I don't mean to suggest that all foreigners are greedy any more than that all landlords are foreigners. However, this one particular fellow does fit a certain Hollywood archetype. He emigrated to the U.S., learned English, became a private school custodian, married the owner's overweight daughter, bought real estate with the proceeds and now owns several square blocks.
On the plus side, he's not bad to look at. Think Nicky Arnstein at the poker table, but without the white dinner jacket and a little wider through the hips. I picture him summering somewhere in the desert, where he tends to slim down despite sitting around tents eating falafels, drinking apple tea and smoking the houka. Far more alarming than my own cultural insensitivity, my neighbor, the former stripper and lifetime conspiracy theorist, perceives his trips abroad as confirmation of his membership in al-Quaeda. "The terrorists and the Republicans are in it together on every corner of every town," she'll often inform me, pulling the window shades and whispering like a block captain of the Dutch Resistance. "How do you think the Nazis got Poland?"
Personally, I can't picture this particular fellow taking on any political cause he'd be expected to fiscally support. The guy can squeeze a nickel until it screams, which is truly unfortunate given the architectural gems among his personal holdings. The bungalow courtyard where I live, for example, was one of several around town originally built in 1929 as contract housing for studio players. It was later the location for the 1984 Goldie Hawn movie, Swing Shift, set during World War II.
By my arrival in the mid-90s, the Craftsman cottages' wood siding had already been plastered over; the porches encased in concrete and painted an industrial gray. Inside, the signature period archways separating the kitchen and dining areas had been opened up at stark, square angles, while the wood sub-flooring in the dressing and bathrooms was laid with cheap tile. When we needed to replace the flimsy fiberglass shower stall, I lobbied for an authentic clawfoot tub obviously looted years earlier, which can now be re-claimed at the local flea market. "Kohler!" Nicky Arnstein declared, insisting I pay for half. "Kohler is top of the line!" When his Half-Wit Workmen tried to remove the original crown molding, I seized their toolbox and threatened to call the police. Over the years, I installed a crystal chandelier, replaced vintage doorknobs and fixtures, upgraded every last switch plate. I planted a rose garden, a vegetable patch, a koi pond and a bougainvillea trellis.
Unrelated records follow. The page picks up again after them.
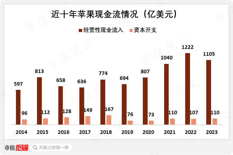 而当年,苹果经营活动产生的现金流入达到597亿美元,随着经营状况向好,苹果的经营性现金流入持续增加,最近三年都在千亿美元/年以上。同期,苹果的资本开支最多的一年也不超过200亿美元,换句话说,苹果根本不缺钱。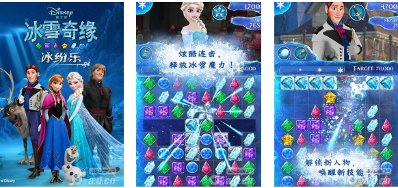 基于《冰雪奇缘》电影世界观开发的三消类手游,采用六边形网格布局与动态连锁消除机制。游戏内置艾莎、安娜、雪宝等角色专属技能,结合冰雪主题特效(如冰晶碎裂、霜冻蔓延)强化视觉反馈。关卡目标多样化,含限时挑战、步数限制、元素收集等模式,主线剧情全程配音演绎,任务系统覆盖成长、收集、社交三大维度。
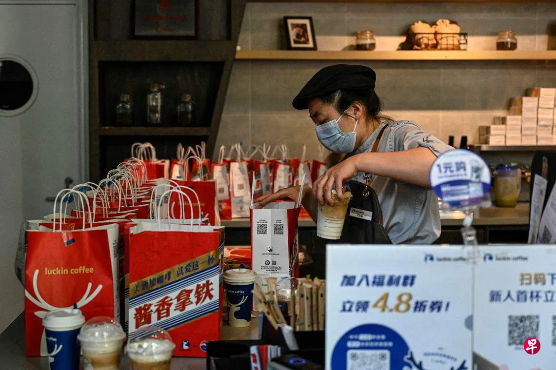 综合路透社和中新经纬报道,售价38元(人民币,下同,7新元)的酱香拿铁,星期一(9月4日)以半价19元开卖,号称“每一杯都含有贵州茅台酒”,迅速吸引消费者,外卖和自取订单都排起长队。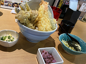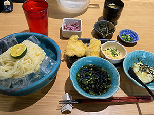 お目当てのイタリアンには入れませんでしたが美味しそうな天ぷら屋さん(天ぷら串 山本家)を近場に発見しました。こちらは運良くお客さんが2組ほど帰るところだったためすぐに入ることができました。ランチメニューから半田そうめんとかしわ天のセットを注文!少し暑かったのも手伝いそうめんのツルツルがとても美味しかったのでした。(半田そうめんは初めて食べました🥰)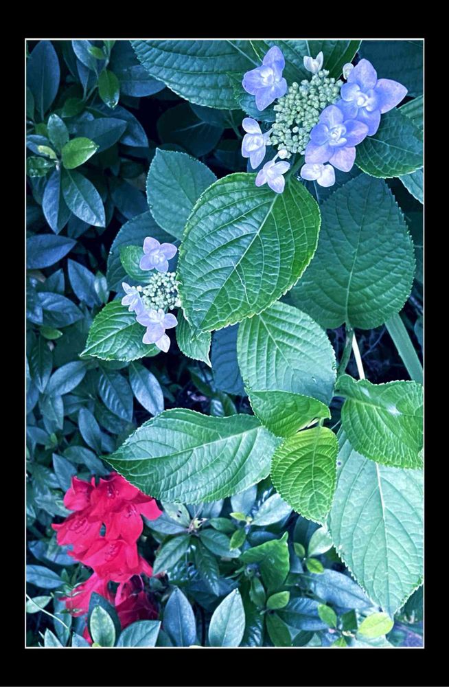 📝この写真画像は、小学校の泰山木を後にして、約5分、朝の散歩を終わって我が家に帰り着いて直ぐに、開花し始めた💠ブルー系のアジサイの花と最後になった真っ赤なツツジ:azalea:アザレアを撮影したものデス🐶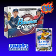 Look for 3 autographs, 3 Exclusive Numbered Chrome Prospects Geometric Refractor Cards, 3 Base Cards, 2 Chrome Prospects, 1 Base Card (Vets and Rookies), and 1 insert card (Meteoric Rise, Max Volume, Melt Mashers, It Came to the League, or ADIOS) per box on average.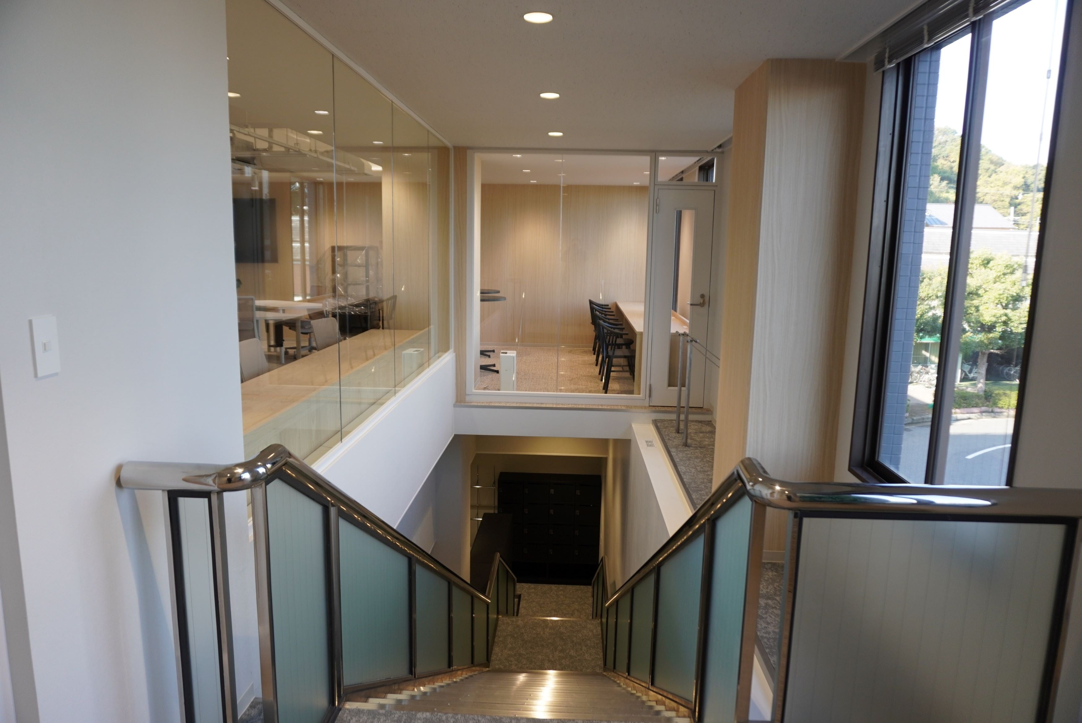 写真左)階段を上がって2階コールセンターへ。採光を考えられた設計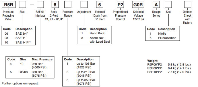 比例減壓閥R5R*P2都是基于機械調整序列R,機械先導閥和主*之間的附加比例單元允許連續壓力調節。*佳性能可與數字放大器模塊PCD00A-400來實現。該比例閥具有按比例電磁鐵連續調整的功能,可隨著機械的*大壓力調整,2端口體與SAE61凸緣,3種尺寸(SAE¾“,1”,11/4“),3*壓力。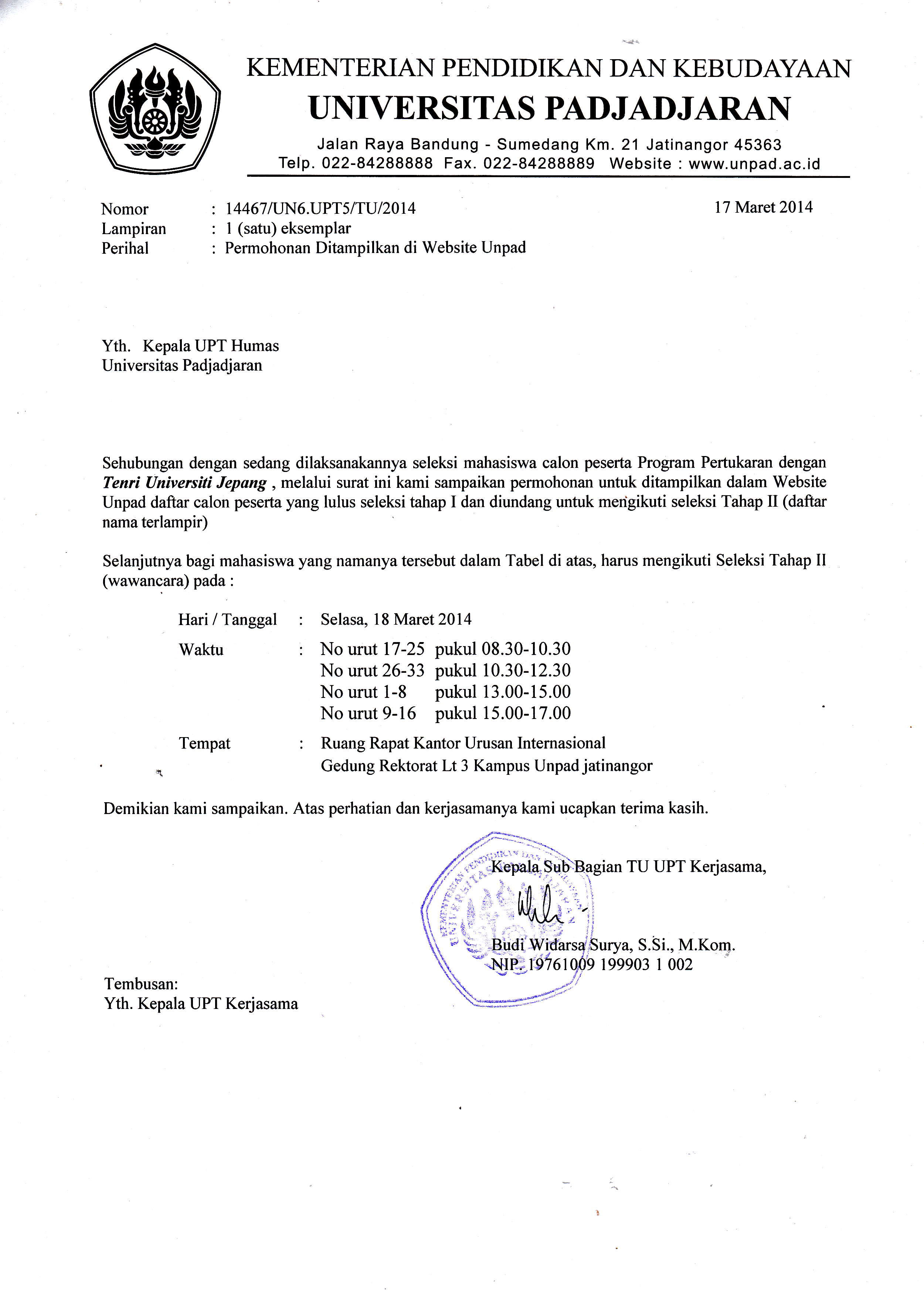 Pengumuman Hasil Seleksi Tahap 1 Program Pertukaran dengan Tenri University Jepang Kantor Komunikasi Publik 2014-03-17 1 min read 2014-03-17 Share this: Baca 1 menit Silakan unduh daftar nama Calon Peserta yang Lulus Tahap I Program Pertukaran dengan Tenri University 605 views Share this:

Making an unsuccessful bid for city council, Nicky helped concoct a failed plan in which Hollywood would have seceded from the City of Los Angeles—thus releasing his obligation to honor its tight rent control ordinance. While virtually every other original tenant has moved up and out, I've managed to go nowhere—while in all these years my rent has only been raised a hundred and thirty-five bucks. It shouldn't have been much of a surprise, really, when Nicky served me with eviction papers intended to beat the system, claiming that he and his family will share occupany of this tiny dwelling among themselves.
Though the bungalows have been zoned as rentals for seventy-five years, I'm faced with the immutable truth that though this one is my home, it's also his property. What a mistake to give my heart to a place that was never mine to begin with. I suppose it's like falling in love with someone who either can't or won't commit, or simply doesn't quite know how. I wish I could find some humor in the irony that, absent the lights, costumes and show-stopping musical numbers, that's just how I'd sum up what happened to Fanny Brice.